Open Yanal-Yves opened 2 years ago
@tomjebo Any thoughts?
@Yanal-Yves did this happen with previous versions of the SDK? I'll test it out and see if I can tell what's causing the change to a macro type workbook.
I just created workbook (.xlsx) using your code. OneDrive doesn't do this conversion to .xlsm. Google Drive does. They must have some security constraint that kicks in. I'll see if I can tell what that is but it may be something as simple as inconsistent attributes or some other factor.
Hi, thank you for your answer. I have juste tested with version 2.13.1 of the SDK and I can observer the same behavior.
I have also tested with version 2.5.0 and I can observer the same behavior too.
I have also tested with version 1.0.0 and I can observer the same behavior too.
Yeah, looks like the workbook generated is fine but definitely that code would not include several parts that Excel does when creating a new, fresh workbook. The parts not included by the SDK genned file are: docprop\app.xml, docprop\core.xml, xl\sharedstrings.xml, xl\styles.xml, and xl\theme\theme1.xml. There are some differences in the workbook.xml, workbook.xml.rels, [content_types].xml and sheet1.xml but they all look reasonable and should not cause anything like a filetype change AFAIK. We might have to ask Google about this. Otherwise, we can just start adding in the other parts and see when Sheets likes the file as .xlsx.
@Yanal-Yves I just added this line:
CoreFilePropertiesPart coreDocProps = spreadsheetDocument.AddCoreFilePropertiesPart();
And it seemed to fix the behavior. Can you try it?
I've just tested with
var filepath = @"C:\temp\foo.xlsx";
// Create a spreadsheet document by supplying the filepath.
// By default, AutoSave = true, Editable = true, and Type = xlsx.
SpreadsheetDocument spreadsheetDocument = SpreadsheetDocument.Create(filepath, SpreadsheetDocumentType.Workbook);
spreadsheetDocument.AddCoreFilePropertiesPart();
// Add a WorkbookPart to the document.
WorkbookPart workbookpart = spreadsheetDocument.AddWorkbookPart();
workbookpart.Workbook = new Workbook();
// Add a WorksheetPart to the WorkbookPart.
WorksheetPart worksheetPart = workbookpart.AddNewPart<WorksheetPart>();
worksheetPart.Worksheet = new Worksheet(new SheetData());
// Add Sheets to the Workbook.
Sheets sheets = spreadsheetDocument.WorkbookPart.Workbook.AppendChild<Sheets>(new Sheets());
// Append a new worksheet and associate it with the workbook.
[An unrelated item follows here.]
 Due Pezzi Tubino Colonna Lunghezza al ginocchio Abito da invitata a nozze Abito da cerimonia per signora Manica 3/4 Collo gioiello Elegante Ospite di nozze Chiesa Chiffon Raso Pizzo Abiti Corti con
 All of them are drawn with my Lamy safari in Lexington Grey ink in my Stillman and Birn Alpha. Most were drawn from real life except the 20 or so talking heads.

Sheet sheet = new Sheet() { Id = spreadsheetDocument.WorkbookPart.GetIdOfPart(worksheetPart), SheetId = 1, Name = "mySheet" };
sheets.Append(sheet);
workbookpart.Workbook.Save();
// Close the document.
spreadsheetDocument.Close();
And I can confirm I don't have the issue anymore.
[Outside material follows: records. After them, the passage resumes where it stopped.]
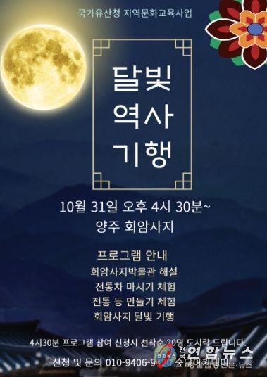 행사에서는 박물관 야외 미디어파사드, 전통차 체험, 전통등 만들기, 양주 회암사지(유적지)달빛 기행 투어 등 다채로운 프로그램이 진행될 예정이며, 참가신청은 전화 또는 이메일로 가능하다.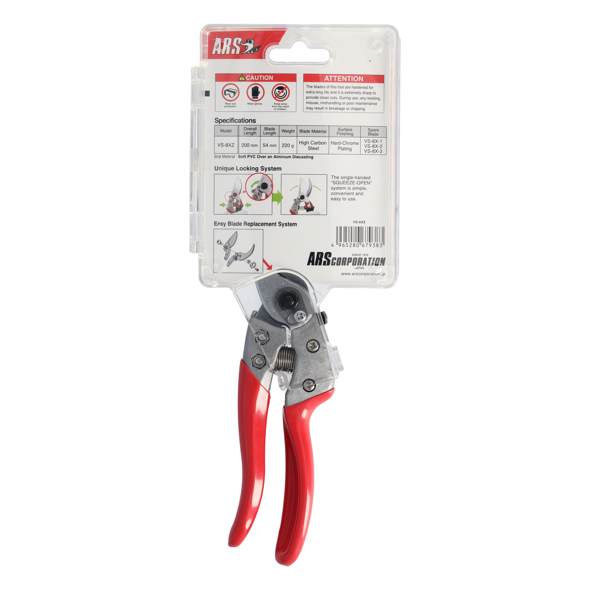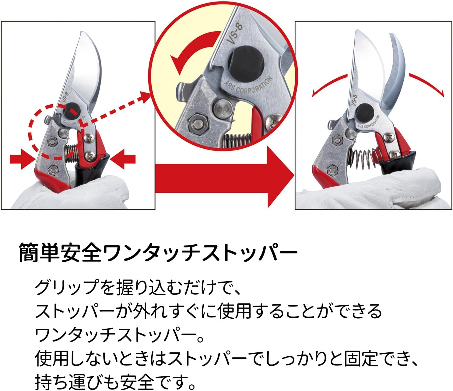 ARS Profi-Gartenschere VS-8XZ | rasiermesserscharfer Klinge | Einhandverriegelung | gummierte Griffe | Klinge austauschbar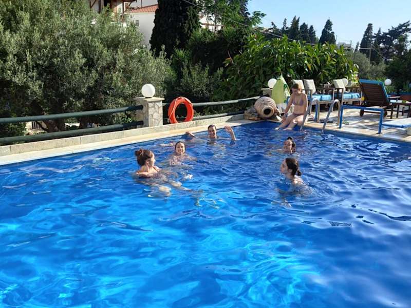Die Villa Rena bietet kostenloses WLAN, einen saisonalen Außenpool, einen Garten und eine Gemeinschaftslounge. Die Anlage umfasst eine Terrasse und einen Kinderspielplatz. Ein Check-in ist ab 13:30 Uhr bis zu 00:00 Uhr möglich, während der Check-out zwischen 10:00 Uhr und 12:00 Uhr erfolgt. Die Unterkunft ist tierfrei und bietet Nichtraucherzimmer sowie Familienzimmer an. Der Pool ist von Juni bis Ende September geöffnet.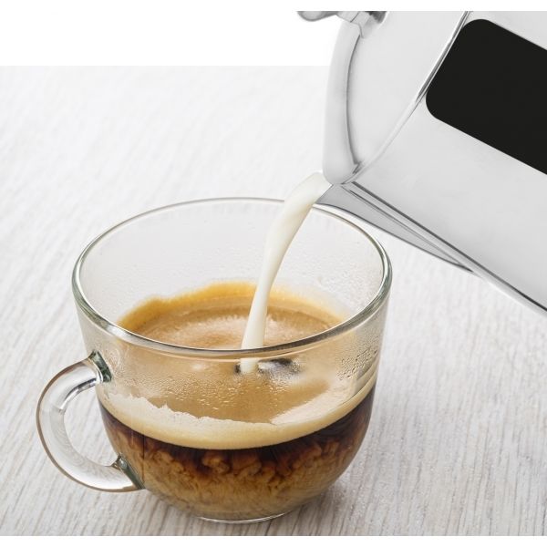Až už domů, na chalupu nebo s sebou na cesty. Uvařte si vodu na kávu nebo čaj pomocí této krásné nerezové konvice o objemu 2,3 l. Hliníkový úchyt slouží k přenášení nádoby. Víčko snadno odklopíte zatlačením za výstupek u držadla.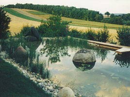schwimmteiche ..ermöglichen im Sommer das Baden in einem natürlichen Gewässer, im Winter Eislaufvergnügen und durch das sich nahezu täglich ändernde Erscheinungsbild das ganze Jahr über neue Perspektiven und Stimmungseindrücke. Ob Schwimm-, Bade-, Kinderteich, kindergerechter Schwimmteich ... die Möglichkeiten der individuellen Gestaltung sind vielfältig: Sprungstein, Insel, Wassergrotte, Springbrunnen, Brücken-, Steganlage, Pavillon, Sitz-, Liegezone, Badehaus, Duschanlage ...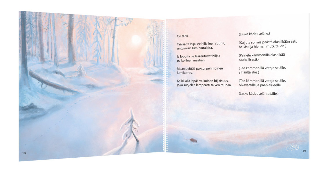 • Opastusta miten voit hyödyntää satuhieronta-kirjaa myös vauvan kanssa
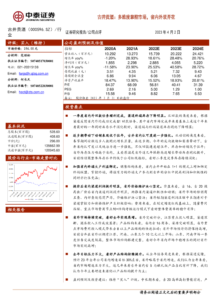 中泰证券:古井贡酒:多维度掌控市场,省内外双开花.pdf

Please note that the call to spreadsheetDocument.AddCoreFilePropertiesPart();
should be done early. If done just before workbookpart.Workbook.Save();
, the issue is still there.
@tomjebo, I'd like to thank you for your help.
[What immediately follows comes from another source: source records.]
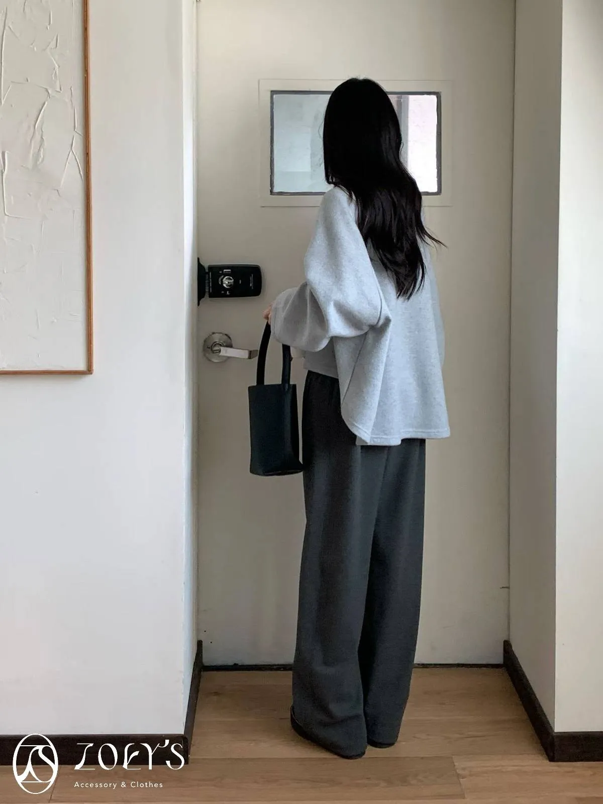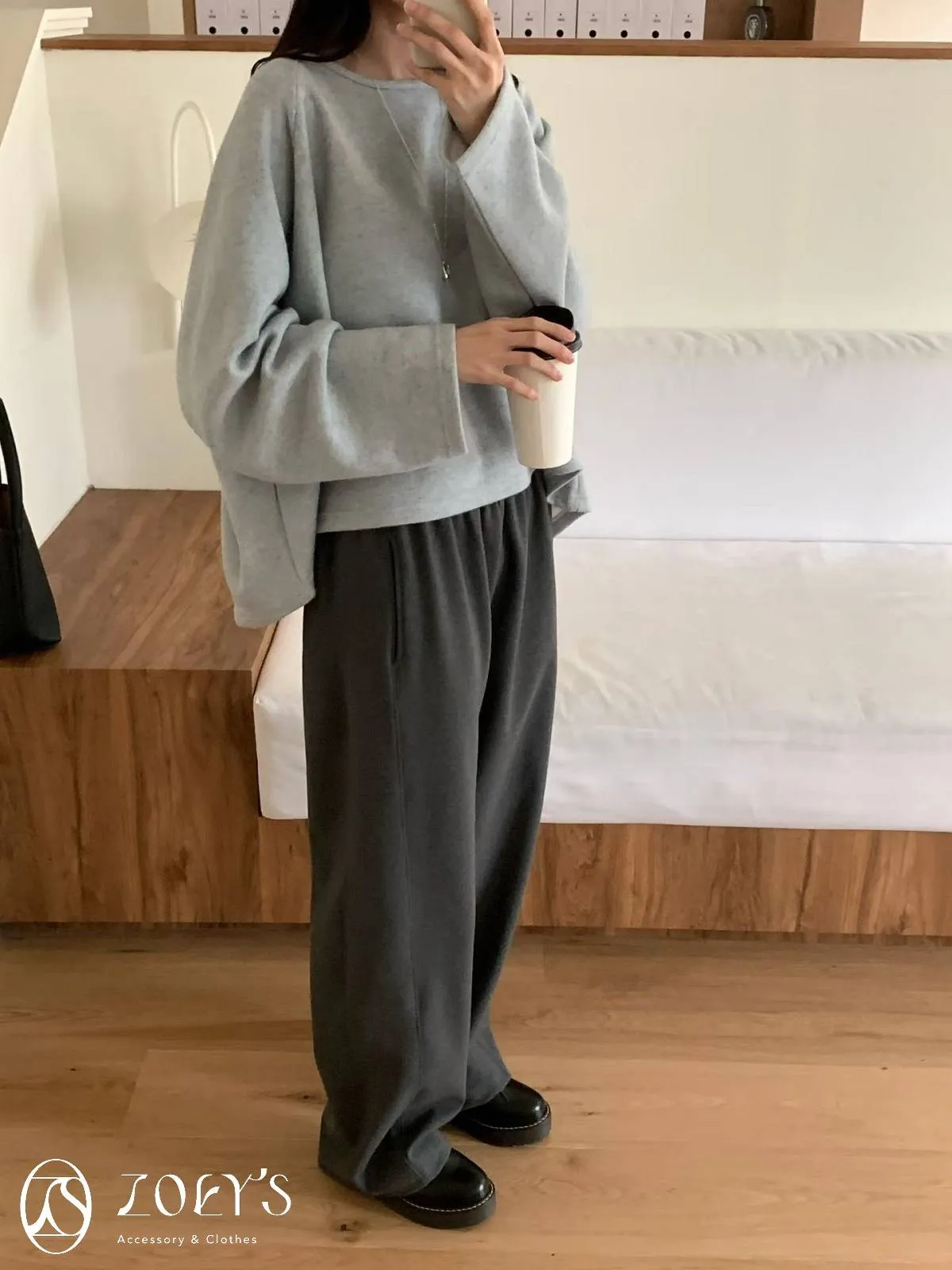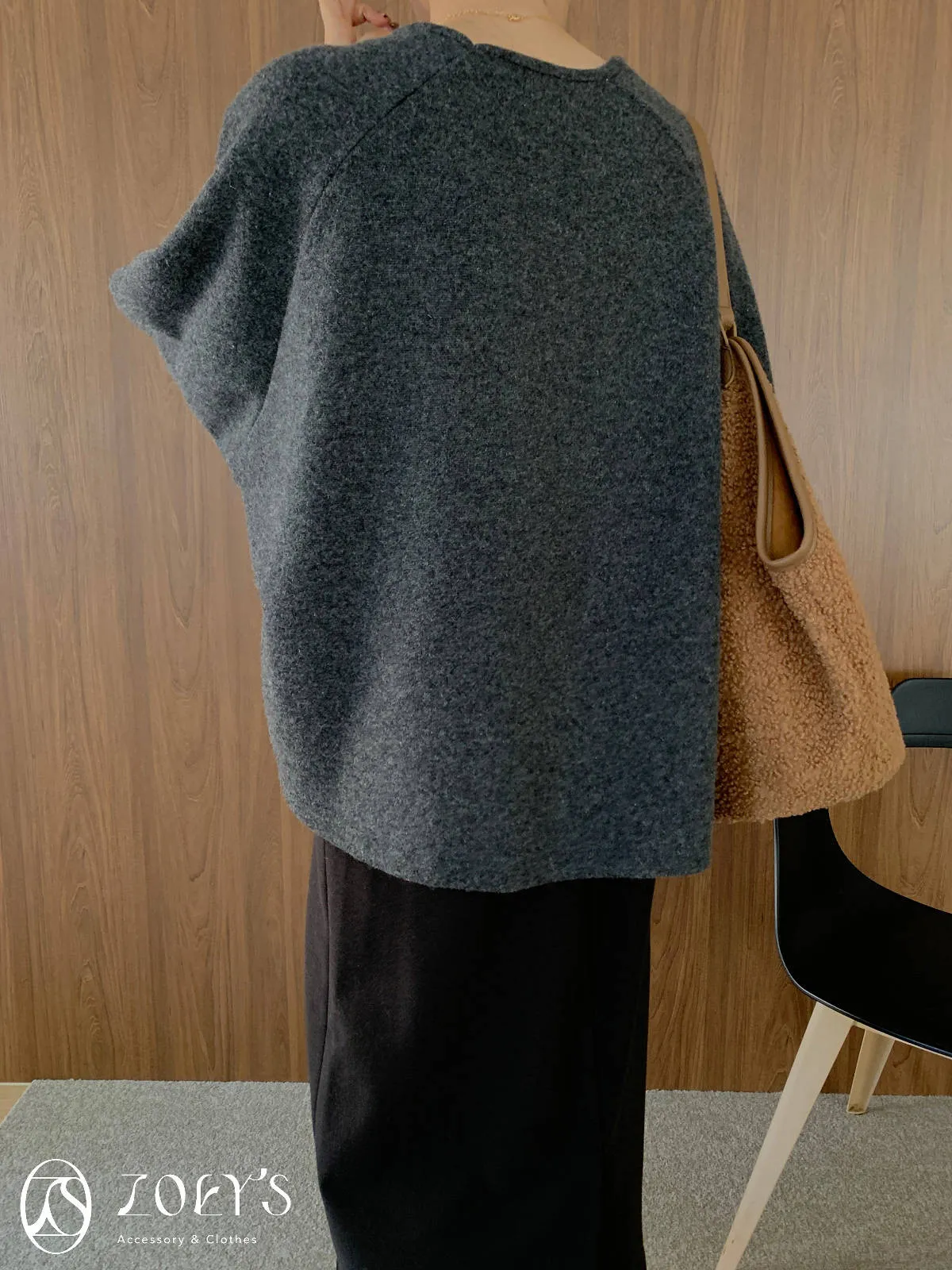 正韓 前短後長簡約圓領羊毛衫 深灰/淺灰/米白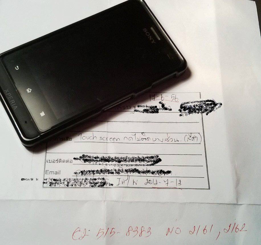 ปรากฏว่าเมื่อเดือนมิถุนายน (ใช้ได้ 11 เดือน) ที่ผ่านมา touchscreen เกิดปัญหาไม่ตอบสนองบางบริเวณ (ผมไม่เคยทำตกแรงๆ ใส่เคสตลอด โดนน้ำบ้างนิดหน่อย ก็รุ่นนี้โฆษณาว่ากันน้ำได้ลึก 1 เมตรนาน 30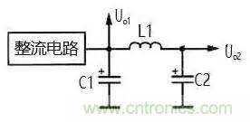 在圖 5 的電路中,整流電路輸出的單向脈動性直 流電壓先經(jīng)電容 C1 濾波,去掉大部分交流成分,然后 再加到 L1 和 C2 濾波電路中。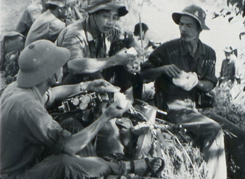 | Bữa cơm chia tay trước khi lên đường nhận nhiệm vụ mới tại rừng Trường Sơn của các chiến sĩ Điện ảnh Quân đội, NSND Đặng Xuân Hải, Chủ tịch Hội Điện ảnh Việt Nam (giữa). Ảnh tư liệu Điện ảnh Quân đội. |

For information I have submitted an issue to Google : https://issuetracker.google.com/issues/210875597
BTW I have also answered the Stack Overflow question : https://stackoverflow.com/questions/70319867/avoid-google-spreadsheet-to-convert-an-xlsx-file-created-by-open-xml-sdk-to-xlsm/70371638#70371638
@Yanal-Yves thanks for confirming and yes, I added the core part right after creating the document. I think we will consider adding this (and possibly the other standard parts) to the creation process. I'll create a PR for this and we can review and discuss but it looks like it should be straightforward.
Although it makes some sense for us to create workbooks with these common parts, I think this Google Sheets behavior is a little strange. I don't know what the rationale for it is and it should probably be reported to Google.
Hi @tomjebo,
Calling AddCoreFilePropertiesPart()
results in an empty core.xml
file. And Excel throw an error.
The open XML SDK Productivity Tool for Microsoft Office also cannot not open the file generated:
Thanks to this doc , I was able to work around the issue.
spreadsheetDocument.AddCoreFilePropertiesPart();
using (XmlTextWriter writer = new XmlTextWriter(coreFilePropPart.GetStream(FileMode.Create), System.Text.Encoding.UTF8))
{
writer.WriteRaw("<?xml version=\"1.0\" encoding=\"UTF-8\"?>\r\n<cp:coreProperties xmlns:cp=\"https://schemas.openxmlformats.org/package/2006/metadata/core-properties\"></cp:coreProperties>");
writer.Flush();
}
IMHO:
core.xml
?AddCoreFilePropertiesPart()
should not produce an inconsistent XLSX state and should create the root element.Interesting, I'll have to test this again. It didn't throw an error for me. Are you using an older version of Excel?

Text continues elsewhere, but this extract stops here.